#### [Supplied material]

-*-*-

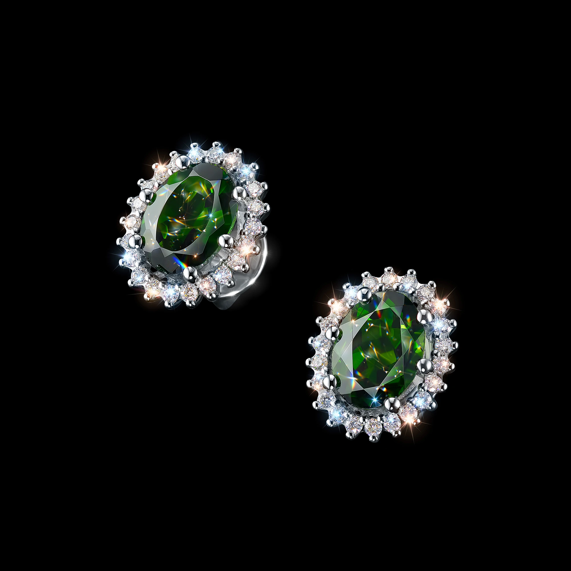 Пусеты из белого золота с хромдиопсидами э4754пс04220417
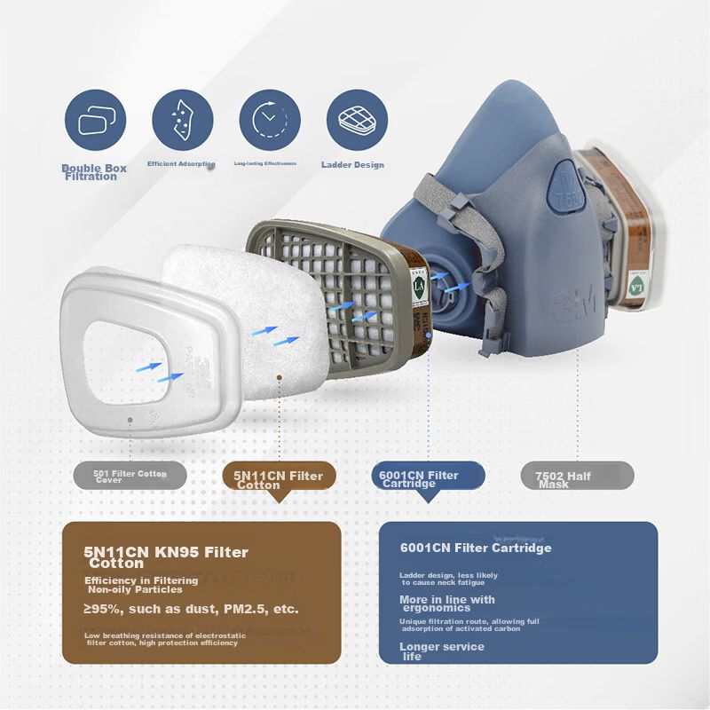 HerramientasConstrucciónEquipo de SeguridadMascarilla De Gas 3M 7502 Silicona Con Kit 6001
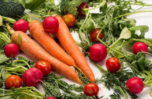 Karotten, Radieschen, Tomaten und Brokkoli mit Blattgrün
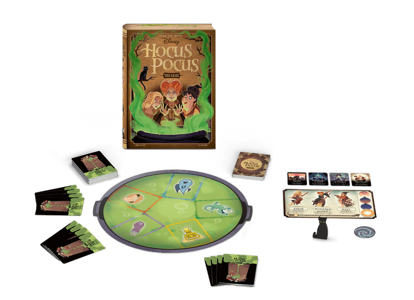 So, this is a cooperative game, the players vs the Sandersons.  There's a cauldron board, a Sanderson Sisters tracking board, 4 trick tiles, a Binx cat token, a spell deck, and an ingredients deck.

-*-*-

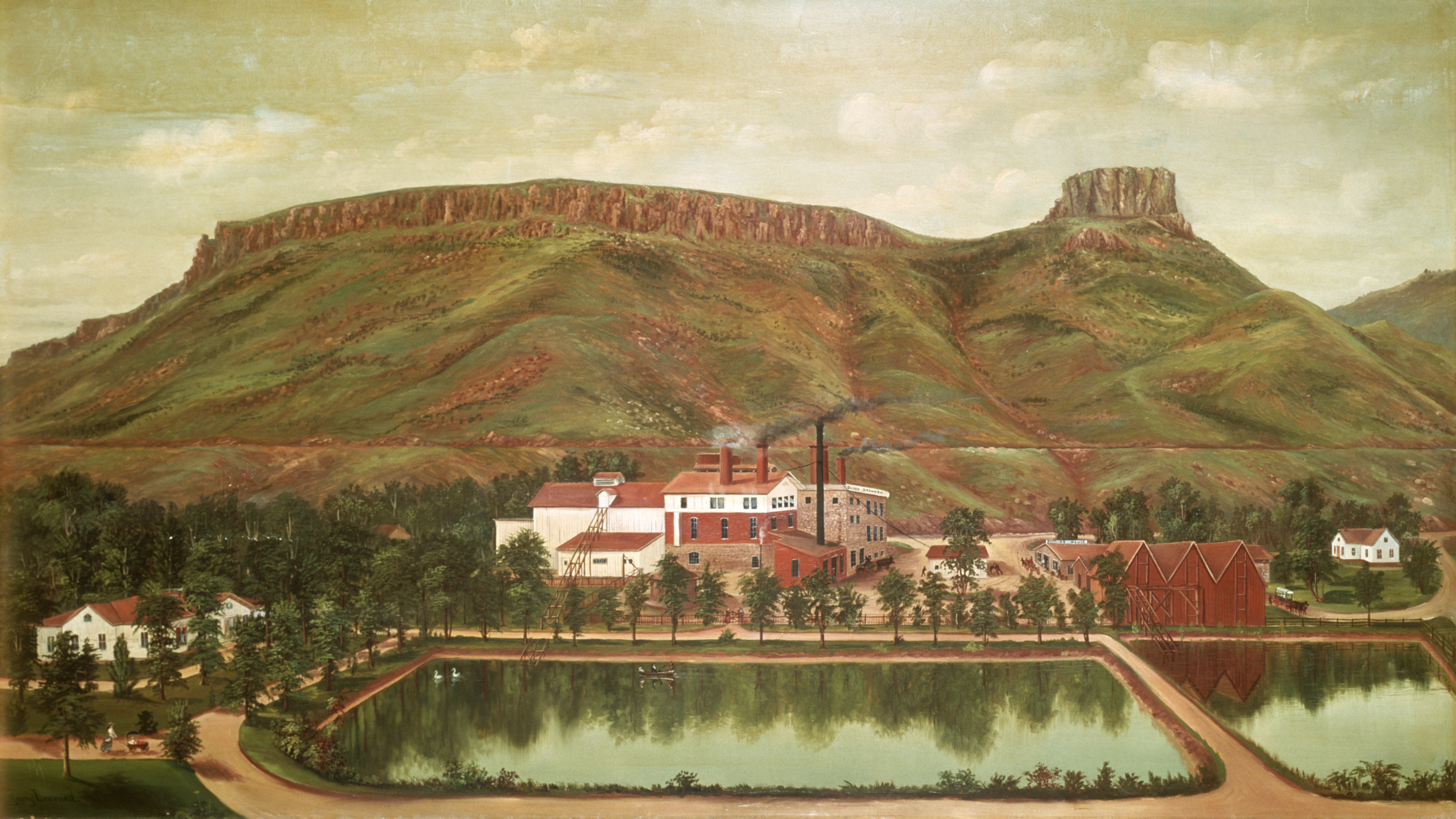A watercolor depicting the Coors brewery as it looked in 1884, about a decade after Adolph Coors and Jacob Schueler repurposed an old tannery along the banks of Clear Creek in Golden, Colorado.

-*-*-

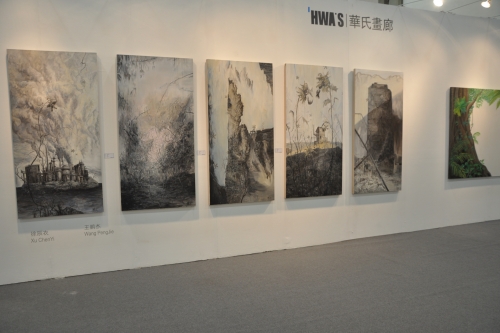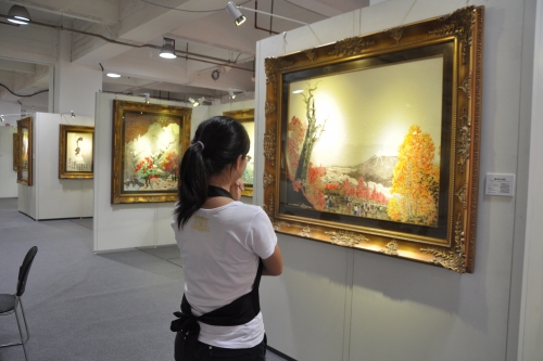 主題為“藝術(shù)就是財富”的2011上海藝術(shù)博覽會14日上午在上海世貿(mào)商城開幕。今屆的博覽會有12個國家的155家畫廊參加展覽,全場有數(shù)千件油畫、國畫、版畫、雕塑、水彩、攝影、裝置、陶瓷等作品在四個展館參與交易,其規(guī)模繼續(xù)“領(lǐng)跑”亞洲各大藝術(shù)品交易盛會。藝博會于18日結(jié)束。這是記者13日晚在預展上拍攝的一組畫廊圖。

-*-*-

#### [How to complete this task]
Keep to the stretch from the line containing "Пусеты из белого" through the line containing "So, this is", both ends included, and copy it exactly from the listing above, minus the pictures.

#### [Answer to the problem]
 Пусеты из белого золота с хромдиопсидами э4754пс04220417
 HerramientasConstrucciónEquipo de SeguridadMascarilla De Gas 3M 7502 Silicona Con Kit 6001
 Karotten, Radieschen, Tomaten und Brokkoli mit Blattgrün
 So, this is a cooperative game, the players vs the Sandersons.  There's a cauldron board, a Sanderson Sisters tracking board, 4 trick tiles, a Binx cat token, a spell deck, and an ingredients deck.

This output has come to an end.